**Task requirements:**
With the pictures left out, restate exactly the part below that opens with the line containing "今日更新2点セットレディースセットアップ イレギュラーシャツ+ワイドレッグパンツ カジュアルな場や通勤" and closes with the line containing "This HOMCOM shower".

**Task inputs:**
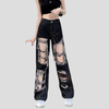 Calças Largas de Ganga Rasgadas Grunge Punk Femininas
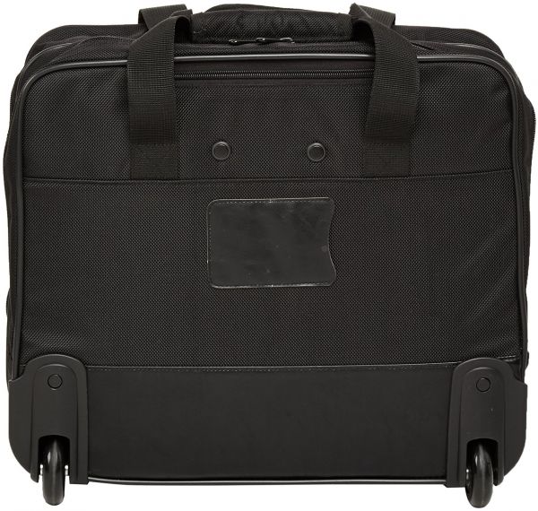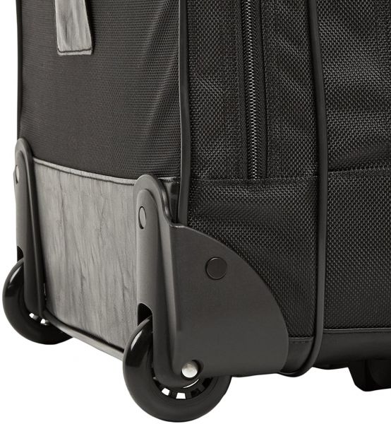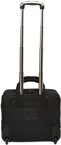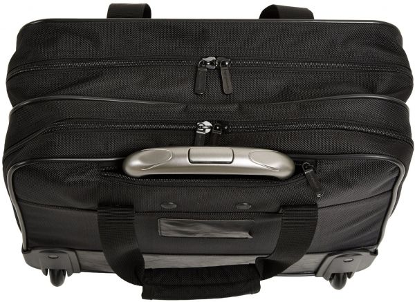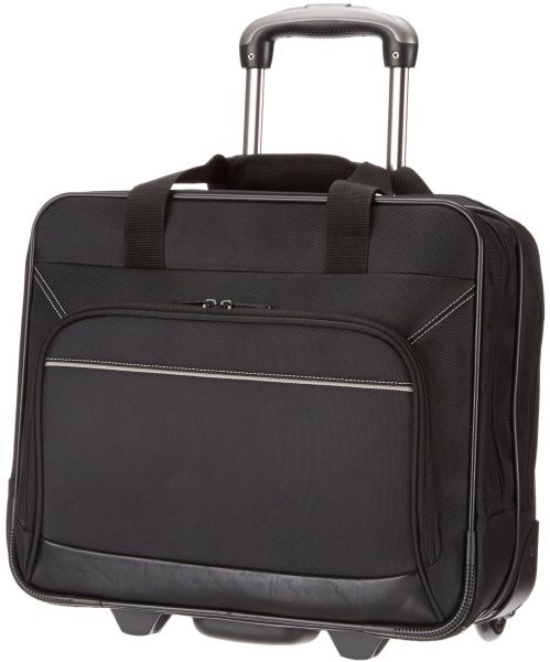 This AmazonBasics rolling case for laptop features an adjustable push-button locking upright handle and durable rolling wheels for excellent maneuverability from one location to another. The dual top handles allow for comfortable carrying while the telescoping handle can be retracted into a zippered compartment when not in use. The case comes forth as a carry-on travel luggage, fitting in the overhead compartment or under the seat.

---

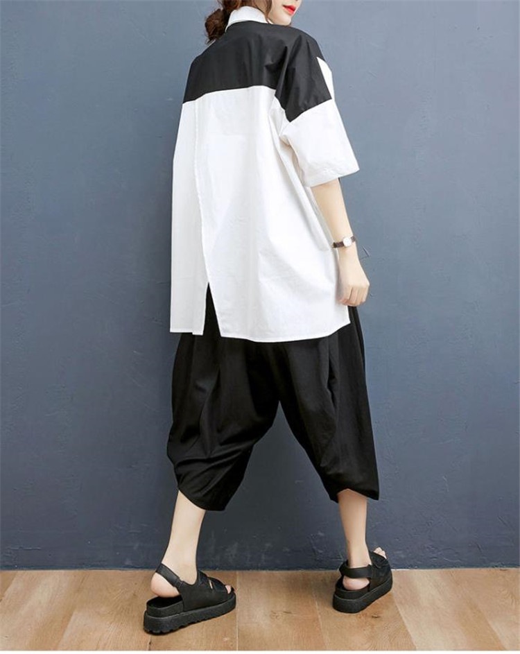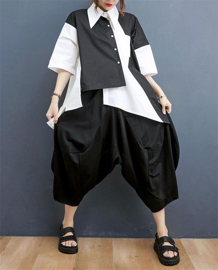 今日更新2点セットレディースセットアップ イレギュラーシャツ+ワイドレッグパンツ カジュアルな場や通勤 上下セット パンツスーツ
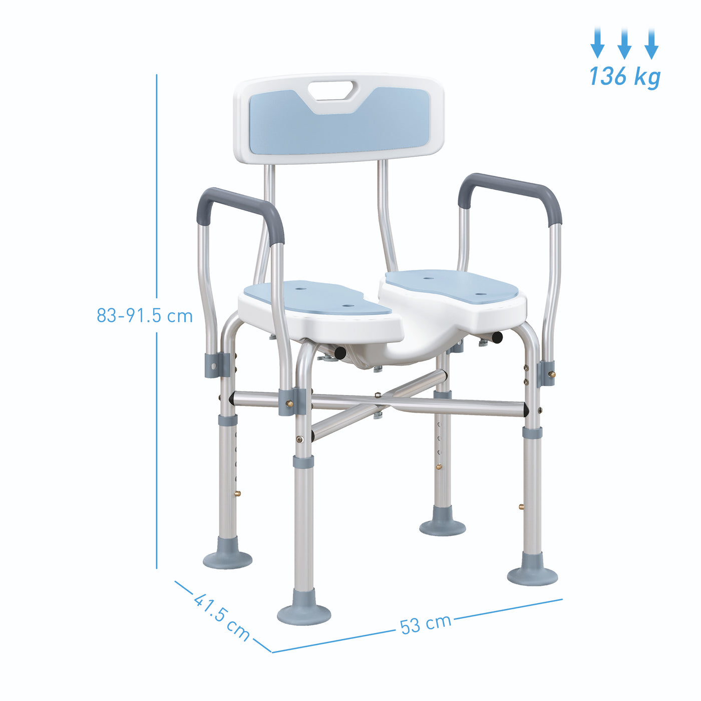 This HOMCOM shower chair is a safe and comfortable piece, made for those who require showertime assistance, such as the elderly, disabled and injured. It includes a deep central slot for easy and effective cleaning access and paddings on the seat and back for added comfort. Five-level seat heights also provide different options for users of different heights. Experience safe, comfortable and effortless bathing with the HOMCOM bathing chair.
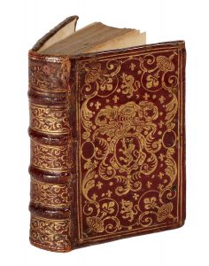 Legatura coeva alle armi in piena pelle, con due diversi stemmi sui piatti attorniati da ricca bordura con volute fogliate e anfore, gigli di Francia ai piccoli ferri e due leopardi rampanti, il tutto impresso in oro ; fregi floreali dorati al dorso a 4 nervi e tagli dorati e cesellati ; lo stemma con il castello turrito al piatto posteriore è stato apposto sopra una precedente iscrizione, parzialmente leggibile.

**Task result:**
 今日更新2点セットレディースセットアップ イレギュラーシャツ+ワイドレッグパンツ カジュアルな場や通勤 上下セット パンツスーツ
 This HOMCOM shower chair is a safe and comfortable piece, made for those who require showertime assistance, such as the elderly, disabled and injured. It includes a deep central slot for easy and effective cleaning access and paddings on the seat and back for added comfort. Five-level seat heights also provide different options for users of different heights. Experience safe, comfortable and effortless bathing with the HOMCOM bathing chair.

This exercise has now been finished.